TC Capital International Limited is a licensed corporation to carry out type 1 (dealing in securities) and type 6 (advising on corporate finance) regulated activities under the SFO. The letter of advice from the Independent Financial Adviser to the Independent Board Committee and the Independent Shareholders in relation to the Capital Reorganisation, the Open Offer including the Underwriting Agreement, the Subscriptions, the Whitewash Waiver, the Settlement Agreements and the Special Deals will be included in the Circular.

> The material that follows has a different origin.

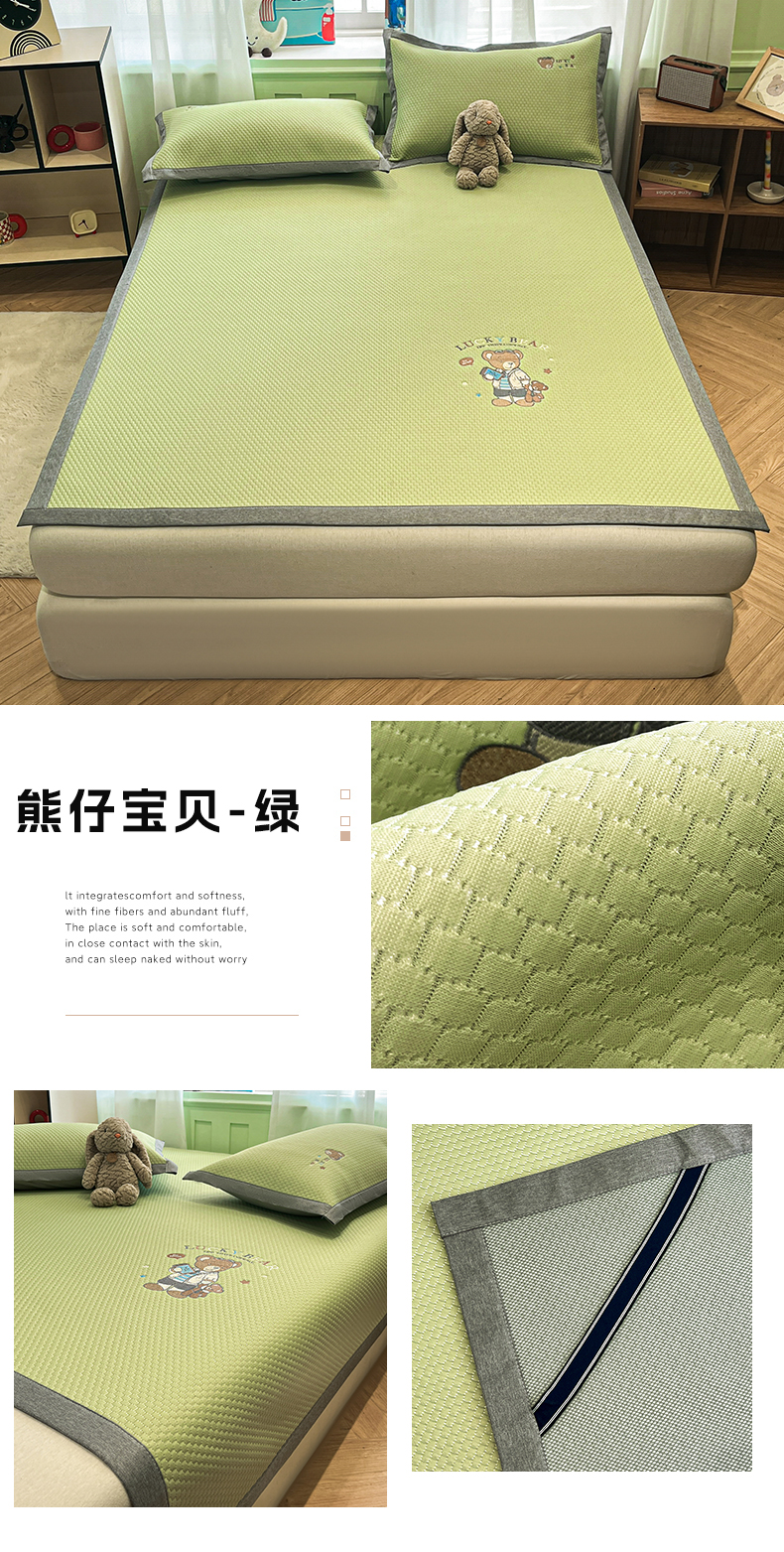 商品名称:启程家纺 2025春夏新款冰豆豆凉席刺绣款复合三明治三件套 熊仔宝贝-绿

CONTINUOUS SUSPENSION OF TRADING
At the request of the Company, trading in the Shares on the Stock Exchange was halted with effect from 10:21 a.m. on 4 December 2014. Trading in the Shares will remain suspended until further notice. The Company will make further announcements on the latest development of the Group as and when appropriate pursuant to the requirements of the Listing Rules.

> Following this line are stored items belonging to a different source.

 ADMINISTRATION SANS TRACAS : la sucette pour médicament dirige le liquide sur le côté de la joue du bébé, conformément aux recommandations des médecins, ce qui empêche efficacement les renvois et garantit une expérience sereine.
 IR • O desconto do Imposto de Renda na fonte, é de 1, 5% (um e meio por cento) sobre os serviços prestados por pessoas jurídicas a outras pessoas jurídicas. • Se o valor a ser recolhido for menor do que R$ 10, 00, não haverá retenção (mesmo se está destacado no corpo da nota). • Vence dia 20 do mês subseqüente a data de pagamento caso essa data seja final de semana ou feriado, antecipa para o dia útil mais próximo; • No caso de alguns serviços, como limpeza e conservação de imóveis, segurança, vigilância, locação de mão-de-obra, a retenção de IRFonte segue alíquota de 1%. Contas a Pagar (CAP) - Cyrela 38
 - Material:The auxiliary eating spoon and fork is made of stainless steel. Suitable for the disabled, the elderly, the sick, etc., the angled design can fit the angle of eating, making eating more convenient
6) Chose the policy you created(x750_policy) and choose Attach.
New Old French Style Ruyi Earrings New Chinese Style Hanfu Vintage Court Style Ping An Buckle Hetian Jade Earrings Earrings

The publication of this announcement does not indicate any decision or conclusion from the Stock Exchange nor warrant any approval from the Stock Exchange on the resumption of trading in the Shares. The transactions contemplated under the Proposed Restructuring are subject to the fulfilment of various conditions, and therefore may or may not materialise. Shareholders and potential investors of the Company are advised to exercise caution when dealing in the Shares.
For and on behalf of
Birmingham International Holdings Limited
(Receivers Appointed)
Liu Yiu Keung Stephen, Yen Ching Wai David and Koo Chi Sum Joint and Several Receivers
Hong Kong, 29 June 2016
— 2 —
As at the date of this announcement, the Board comprises of six Directors, namely Mr. Liu Yiu Keung Stephen, Mr. Yen Ching Wai David and Ms. Koo Chi Sum as executive Directors; and Mr. Cheung Yuk Ming, Mr. Law Pui Cheung and Mr. Lai Hin Wing Henry Stephen as independent nonexecutive Directors.
All Directors jointly and severally accept full responsibility for the accuracy of the information contained in this announcement and confirm, having made all reasonable enquiries, that to the best of their knowledge, opinions expressed in this announcement have been arrived at after due and careful consideration and there are no other facts not contained in this announcement, the omission of which would make any statement in this announcement misleading.